Construction of expression vectors.

Full-length UL43 or a truncated form was amplified by PCR using appropriate primers (Table 1). For cloning, PCR products were digested with EcoRI and BamHI and inserted into plasmid pEGFP-N3 (Clontech) to obtain fusion proteins with an EGFP tag at the C terminus and were termed pUL43-EGFP (wild type) and pUL43s-EGFP (truncated mutant), respectively. In addition, a construct that allows coexpression of pUL43 and pUL56 was generated. First, a transfer vector containing pUL56 and EGFP was created based on pcDNA3 (Invitrogen), with the two genes connected by a P2A linker. Using the linker, pUL56 and EGFP should be expressed with similar stoichiometry due to the cotranslational “ribosome skipping” event mediated by the P2A peptide.
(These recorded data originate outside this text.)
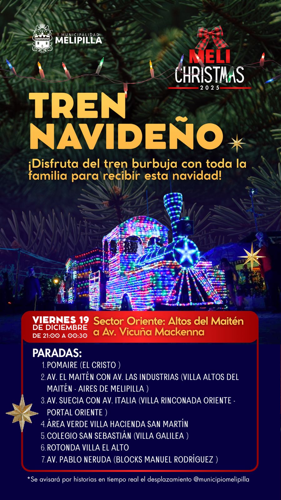 La magia de la Navidad sigue recorriendo los rincones de nuestra comuna. El Tren Navideño, una iniciativa de la Municipalidad de Melipilla, ha llenado de luces, música y sonrisas los distintos barrios durante toda esta semana, con el objetivo de llevar un momento de esparcimiento y felicidad a los niños y niñas de la zona.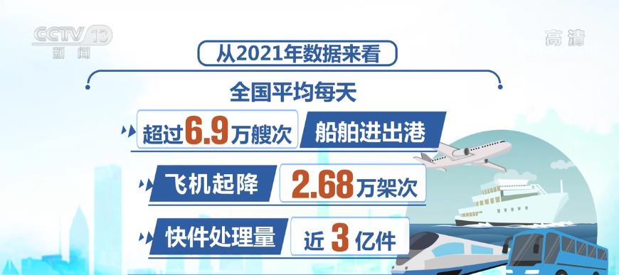 从2021年数据来看,全国平均每天有超过6.9万艘次船舶进出港,飞机起降2.68万架次,快件处理量近3亿件。高峰时,平均每天铁路开行旅客列车超过1万列,高速公路车流量超过6000万辆次,“人享其行、物畅其流”初步实现,交通运输成为人民群众获得感最强的领域之一。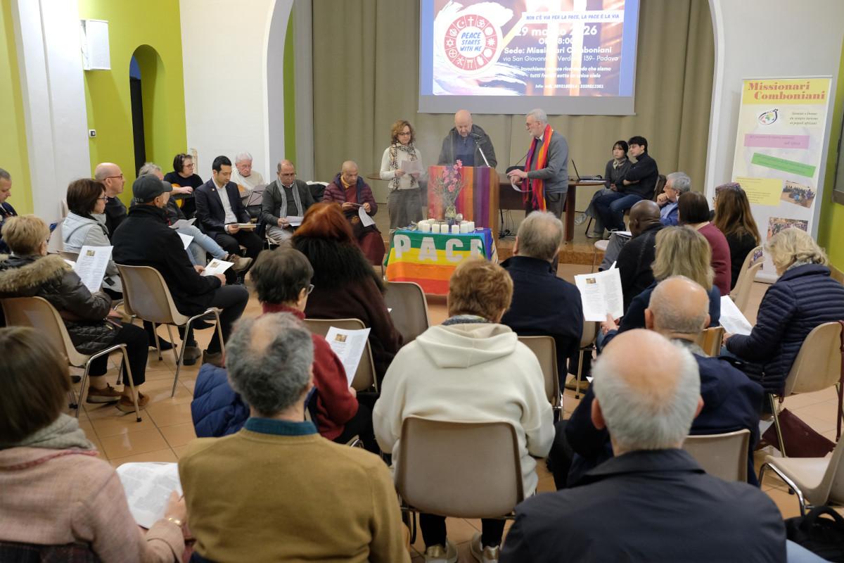 Nella casa dei Missionari comboniani di Padova, è stata organizzata domenica 29 marzo 2026, una serata di preghiera interreligiosa per la pace nel mondo. È stata animata da rappresentanti di varie confessioni religiose con la partecipazione attiva dei Laici missionari comboniani. Attorno al profondo massaggio di verità contenuto nella celebre frase di Gandhi: ‘Non c’è via per la pace, la pace è la via’, si è riunito un gruppo di persone che da alcuni anni fanno un percorso di amicizia, riflessione, preghiera interreligiosa. Sono amici di fede cristiana cattolica, altre confessioni cristiane, fede Bahá'í, fede islamica, buddista.

This property and the P2A sequence used for this study were reported previously (23). Specifically, PCR products were amplified by using a forward primer containing the P2A sequence and a reverse primer for the egfp gene (Table 1). After digestion with EcoRI and XbaI, the purified P2A-EGFP fragment was ligated into the corresponding sites of a pcDNA3 plasmid harboring the UL56 plasmid, which resulted in the transfer vector pcUL56-P2A-EGFP. Second, the UL56-P2A-EGFP fragment was released from the transfer plasmid by cutting with BamHI and XbaI. The chimeric sequence was then inserted into the first cloning site of pVITRO2-mcs-Hygro (InvivoGen), where pUL43 was placed in the second cloning site. Similarly, a coexpression vector for pUL43 and pUL56(AY) was constructed, in which all the PPxY motifs in pUL56 had been mutated to AAxY.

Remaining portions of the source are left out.